Dataset content:
______

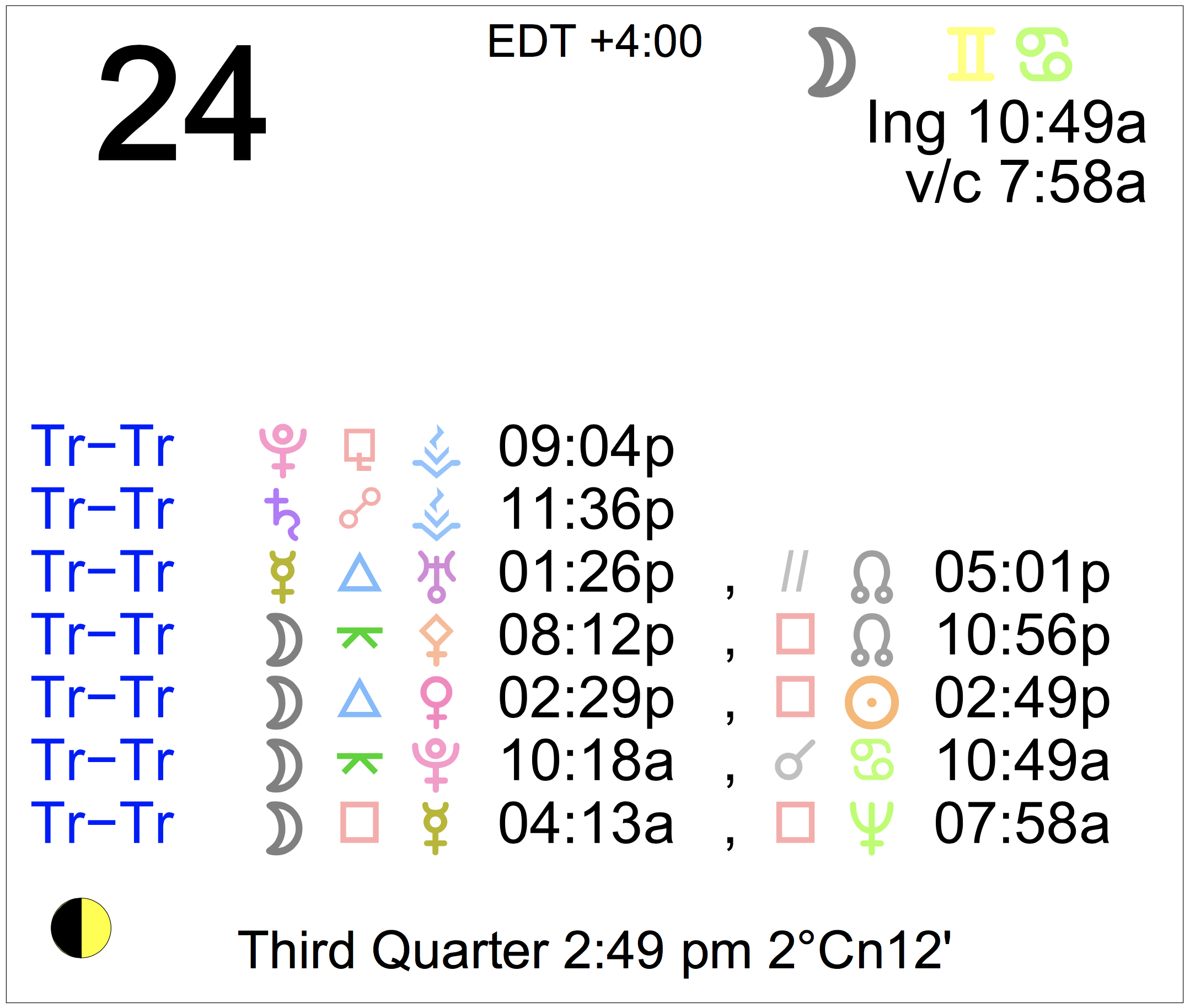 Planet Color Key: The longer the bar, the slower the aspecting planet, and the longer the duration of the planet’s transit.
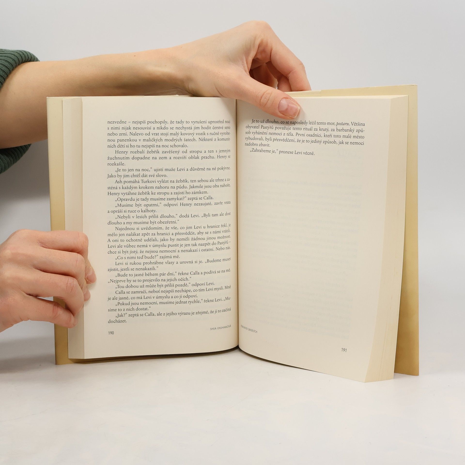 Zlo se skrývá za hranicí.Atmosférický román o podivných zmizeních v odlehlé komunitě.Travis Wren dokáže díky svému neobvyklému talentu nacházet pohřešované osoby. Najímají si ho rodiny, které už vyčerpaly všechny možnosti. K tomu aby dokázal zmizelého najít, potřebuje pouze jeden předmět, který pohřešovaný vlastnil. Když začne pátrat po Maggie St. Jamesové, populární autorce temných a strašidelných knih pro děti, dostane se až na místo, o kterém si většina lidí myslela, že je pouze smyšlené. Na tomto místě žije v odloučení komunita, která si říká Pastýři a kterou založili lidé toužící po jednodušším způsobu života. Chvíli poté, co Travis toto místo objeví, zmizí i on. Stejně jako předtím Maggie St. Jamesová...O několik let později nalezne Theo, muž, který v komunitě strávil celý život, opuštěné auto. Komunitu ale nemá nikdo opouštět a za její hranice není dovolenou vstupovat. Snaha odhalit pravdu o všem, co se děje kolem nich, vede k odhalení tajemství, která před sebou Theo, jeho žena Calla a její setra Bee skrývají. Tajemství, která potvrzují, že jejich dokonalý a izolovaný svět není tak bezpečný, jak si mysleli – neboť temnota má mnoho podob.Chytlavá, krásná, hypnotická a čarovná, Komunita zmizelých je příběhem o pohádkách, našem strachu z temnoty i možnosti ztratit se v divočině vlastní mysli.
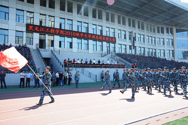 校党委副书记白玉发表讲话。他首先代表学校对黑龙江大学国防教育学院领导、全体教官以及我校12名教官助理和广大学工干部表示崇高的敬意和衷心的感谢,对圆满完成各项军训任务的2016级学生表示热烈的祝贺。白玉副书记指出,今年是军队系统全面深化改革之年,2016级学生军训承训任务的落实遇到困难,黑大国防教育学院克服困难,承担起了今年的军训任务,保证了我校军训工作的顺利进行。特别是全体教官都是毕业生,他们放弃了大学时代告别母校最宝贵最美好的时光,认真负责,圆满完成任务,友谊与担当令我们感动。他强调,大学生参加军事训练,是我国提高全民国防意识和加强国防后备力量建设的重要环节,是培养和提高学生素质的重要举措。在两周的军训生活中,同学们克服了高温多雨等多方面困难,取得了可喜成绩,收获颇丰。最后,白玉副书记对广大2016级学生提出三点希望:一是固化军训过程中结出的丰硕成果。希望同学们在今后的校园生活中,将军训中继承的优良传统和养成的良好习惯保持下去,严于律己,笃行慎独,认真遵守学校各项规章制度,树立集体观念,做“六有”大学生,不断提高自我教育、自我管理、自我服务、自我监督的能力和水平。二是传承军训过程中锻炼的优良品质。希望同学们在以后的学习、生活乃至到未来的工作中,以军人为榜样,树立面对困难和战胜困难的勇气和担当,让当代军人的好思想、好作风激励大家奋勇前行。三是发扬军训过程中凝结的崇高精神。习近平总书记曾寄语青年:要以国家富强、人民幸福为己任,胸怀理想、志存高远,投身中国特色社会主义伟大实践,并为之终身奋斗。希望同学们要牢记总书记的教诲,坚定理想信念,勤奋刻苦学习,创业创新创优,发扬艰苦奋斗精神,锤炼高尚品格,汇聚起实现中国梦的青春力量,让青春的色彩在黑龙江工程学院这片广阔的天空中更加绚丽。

______

Exercise details: Pictures in the data above should not be copied; transcribe everything else exactly.

Problem solution:
 Planet Color Key: The longer the bar, the slower the aspecting planet, and the longer the duration of the planet’s transit.
 Zlo se skrývá za hranicí.Atmosférický román o podivných zmizeních v odlehlé komunitě.Travis Wren dokáže díky svému neobvyklému talentu nacházet pohřešované osoby. Najímají si ho rodiny, které už vyčerpaly všechny možnosti. K tomu aby dokázal zmizelého najít, potřebuje pouze jeden předmět, který pohřešovaný vlastnil. Když začne pátrat po Maggie St. Jamesové, populární autorce temných a strašidelných knih pro děti, dostane se až na místo, o kterém si většina lidí myslela, že je pouze smyšlené. Na tomto místě žije v odloučení komunita, která si říká Pastýři a kterou založili lidé toužící po jednodušším způsobu života. Chvíli poté, co Travis toto místo objeví, zmizí i on. Stejně jako předtím Maggie St. Jamesová...O několik let později nalezne Theo, muž, který v komunitě strávil celý život, opuštěné auto. Komunitu ale nemá nikdo opouštět a za její hranice není dovolenou vstupovat. Snaha odhalit pravdu o všem, co se děje kolem nich, vede k odhalení tajemství, která před sebou Theo, jeho žena Calla a její setra Bee skrývají. Tajemství, která potvrzují, že jejich dokonalý a izolovaný svět není tak bezpečný, jak si mysleli – neboť temnota má mnoho podob.Chytlavá, krásná, hypnotická a čarovná, Komunita zmizelých je příběhem o pohádkách, našem strachu z temnoty i možnosti ztratit se v divočině vlastní mysli.
 校党委副书记白玉发表讲话。他首先代表学校对黑龙江大学国防教育学院领导、全体教官以及我校12名教官助理和广大学工干部表示崇高的敬意和衷心的感谢,对圆满完成各项军训任务的2016级学生表示热烈的祝贺。白玉副书记指出,今年是军队系统全面深化改革之年,2016级学生军训承训任务的落实遇到困难,黑大国防教育学院克服困难,承担起了今年的军训任务,保证了我校军训工作的顺利进行。特别是全体教官都是毕业生,他们放弃了大学时代告别母校最宝贵最美好的时光,认真负责,圆满完成任务,友谊与担当令我们感动。他强调,大学生参加军事训练,是我国提高全民国防意识和加强国防后备力量建设的重要环节,是培养和提高学生素质的重要举措。在两周的军训生活中,同学们克服了高温多雨等多方面困难,取得了可喜成绩,收获颇丰。最后,白玉副书记对广大2016级学生提出三点希望:一是固化军训过程中结出的丰硕成果。希望同学们在今后的校园生活中,将军训中继承的优良传统和养成的良好习惯保持下去,严于律己,笃行慎独,认真遵守学校各项规章制度,树立集体观念,做“六有”大学生,不断提高自我教育、自我管理、自我服务、自我监督的能力和水平。二是传承军训过程中锻炼的优良品质。希望同学们在以后的学习、生活乃至到未来的工作中,以军人为榜样,树立面对困难和战胜困难的勇气和担当,让当代军人的好思想、好作风激励大家奋勇前行。三是发扬军训过程中凝结的崇高精神。习近平总书记曾寄语青年:要以国家富强、人民幸福为己任,胸怀理想、志存高远,投身中国特色社会主义伟大实践,并为之终身奋斗。希望同学们要牢记总书记的教诲,坚定理想信念,勤奋刻苦学习,创业创新创优,发扬艰苦奋斗精神,锤炼高尚品格,汇聚起实现中国梦的青春力量,让青春的色彩在黑龙江工程学院这片广阔的天空中更加绚丽。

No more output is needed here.